Summary
The focus since the last update has been on implementing the workflows for text-to-image, image-to-image and image-to-video capabilities in the ai-video
branch of go-livepeer and in the ai-worker repo.
Highlights include:
- Implemented the workflow for these capabilities for a single B + multiple Os along with support for advertising supported models during capability discovery which is demoed here.
- Released an initial benchmarking script for AI video subnet jobs.
Updates
Advertising Supported Models w/ Capability Constraints
The current architecture allows an O to advertise text-to-image, image-to-image, image-to-video as new capabilities. Given a request from a B that requires a capability, O will execute a job with the capability - if a request requires the image-to-video capability then O will execute an image-to-video job with its image-to-video capability.
These generative AI capabilities can be used with a variety of diffusion models. Initially, these models will be identified using their model ID on HuggingFace. The O needs to have the weights for the model available in storage so that the weights can be loaded into GPU VRAM before inference with the model can be executed. An O can decide which models that it wants to support for which capabilities using a JSON file that looks like this:
{
{
"pipeline": "text-to-image",
"model_id": "stabilityai/sdxl-turbo",
"warm": true
},
{
"pipeline": "image-to-video",
"model_id": "stabilityai/stable-video-diffusion-img2vid-xt"
},
{
"pipeline": "image-to-video",
"model_id": "stabilityai/stable-video-diffusion-img2vid-xt-1-1"
}
]
An O will advertise a capability along with a list of supported model IDs as a capability constraint. These constraints describe the supported configurations for a particular capability. In addition, to advertising supported model IDs in capability constraints, O also can advertise whether it has a model “warm” in GPU VRAM which would lead to a faster execution of the first request for that capability.

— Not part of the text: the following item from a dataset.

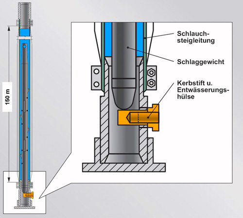 Bei dem neu entwickelten Verfahren tritt an die Stelle der Stahlrohre eine Schlauchsteigleitung aus einem flexiblen, hochbelastbaren, korrosionsfreien und wasserundurchlässigen Druckschlauch. Er wird auf die Schlauchwinde eines geländegängigen LKW aufgewickelt. Vor dem Aufwickeln muss auch der Schlauch entleert werden. Das erfolgt mittels eines Schlaggewichtes, das am Ende der Schlauchleitung eine Entwässerungshülse öffnet. Das Wasser bleibt somit im Brunnen.

External and Managed Containers
In the current architecture, O uses containers to execute inference code for a text-to-image, image-to-image or image-to-video capability.
In the latest code, an O can be configured to use external or managed containers.
- O will start/stop managed containers using a Docker based system.
- O can use external containers by configuring a URL for a capability + model if the container is hosted/managed outside of the node. The container might be managed by a service like Modal or the operator might write their own custom logic to manage the lifecycle of containers based on request activity and their own devops stack (i.e. k8s). The latter is a theoretical possibility, but there is minimal support for it right now - however, if this is interesting to you please follow up!
Timeline
The main goal of the next 2 weeks is to implement a basic pricing framework and payment workflow for the new capabilities. And after that the intent is to start preparing for testing and iteration with the community!